How to configure Probabilistic Occupancy Map people detector

Question 1

In the associated publication, the authors mention they use the camera calibration to generate the rectangles for a human silhouette in every position in the grid. It seems the code that accomplishes this is not included in the source files, in that case you will have to write it yourself.

In the calibration data for their datasets, you can see that they make use of two homographies per camera, the head plane homography and the ground plane homography. You can use this to quickly obtain the required rectangles.

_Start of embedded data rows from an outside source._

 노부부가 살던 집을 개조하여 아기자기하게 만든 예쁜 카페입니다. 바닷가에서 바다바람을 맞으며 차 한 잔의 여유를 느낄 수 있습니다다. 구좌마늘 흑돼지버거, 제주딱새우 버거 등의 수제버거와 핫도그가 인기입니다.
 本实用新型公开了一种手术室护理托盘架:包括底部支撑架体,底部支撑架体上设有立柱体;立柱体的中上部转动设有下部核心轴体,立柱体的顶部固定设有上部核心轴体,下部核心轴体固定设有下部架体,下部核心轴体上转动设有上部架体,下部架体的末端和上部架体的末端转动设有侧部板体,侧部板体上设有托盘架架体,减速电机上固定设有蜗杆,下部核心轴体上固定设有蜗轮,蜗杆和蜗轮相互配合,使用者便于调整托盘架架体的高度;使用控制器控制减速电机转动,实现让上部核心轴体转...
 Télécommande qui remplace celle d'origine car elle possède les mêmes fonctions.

The head plane homography is a 3x3 matrix that describes a mapping from one plane to another. In this case it describes the mapping from 2D room coordinates (at head level) to 2D image coordinates. You can determine this homography for your own camera with the function findHomography in opencv. All you need to do is measure the coordinates of four points on the ground in the room, and stand an upright pole on those markings. The pole should be as long as the average person you want to track. You can now write a small program that allows you to click on the top of the pole in each camera view. You now have four world points (the coordinates measured in the room) and four image points per camera (the points you clicked). With findHomography you can determine the homography. Do the same for the markings on the ground without the pole, and you have the two homographies per camera.

You can now use the homographies to project the 8 corner points of a rectangle standing on any position in the room onto their image coordinates for each camera. Take the bounding box of all 8 points and you have the rectangle for that room location and that camera.

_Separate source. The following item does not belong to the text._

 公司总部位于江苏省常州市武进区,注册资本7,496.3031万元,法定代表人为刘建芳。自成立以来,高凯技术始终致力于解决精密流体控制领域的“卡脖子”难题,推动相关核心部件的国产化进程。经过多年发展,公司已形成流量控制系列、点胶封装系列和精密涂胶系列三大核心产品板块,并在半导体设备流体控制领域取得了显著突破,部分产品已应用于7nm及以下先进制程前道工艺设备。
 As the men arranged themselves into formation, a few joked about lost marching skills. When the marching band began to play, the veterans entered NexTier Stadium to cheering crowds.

The authors of the method mentioned using a human silhouette, this indicates that their approach may be more accurate than using a cuboid. However, there is no such thing as the silhouette of a moving person, so the solution with the cuboid is likely to be perfectly workable.

Question 2

I've been recently reading this article and digging the code so what I understood from the article+code is pretty much what you guys have discussed.

To sum up, for every camera in the system, you have to create rectangles which later will be used by POM as a comparison with the real silhouettes obtained from the background substraction algorithm (assuming you've already obtained those) on every possible grid position. Since every camera may not see every grid position in the scene, you put "notvisible" tag in those cases. As it's already mentioned, you need to use the calibration files to map the sizes of the 175 cm height and 50 cm width according to the perspective. i.e. closer rectangles are supposed to be bigger than the further ones.

RECTANGLE 0 414 150 0 159 119 means; Camera 0 hypothetically sees is a black rectangle on the grid 414 with the size of P1(x,y) = (150,0) - P2(x,y) = (159,119). These measures are obtained by reprojecting 175cm - 50cm from head plane(2D camera plane) to the ground plane(3D plane).

UPDATE: I tried what I posted here and yeah, it works.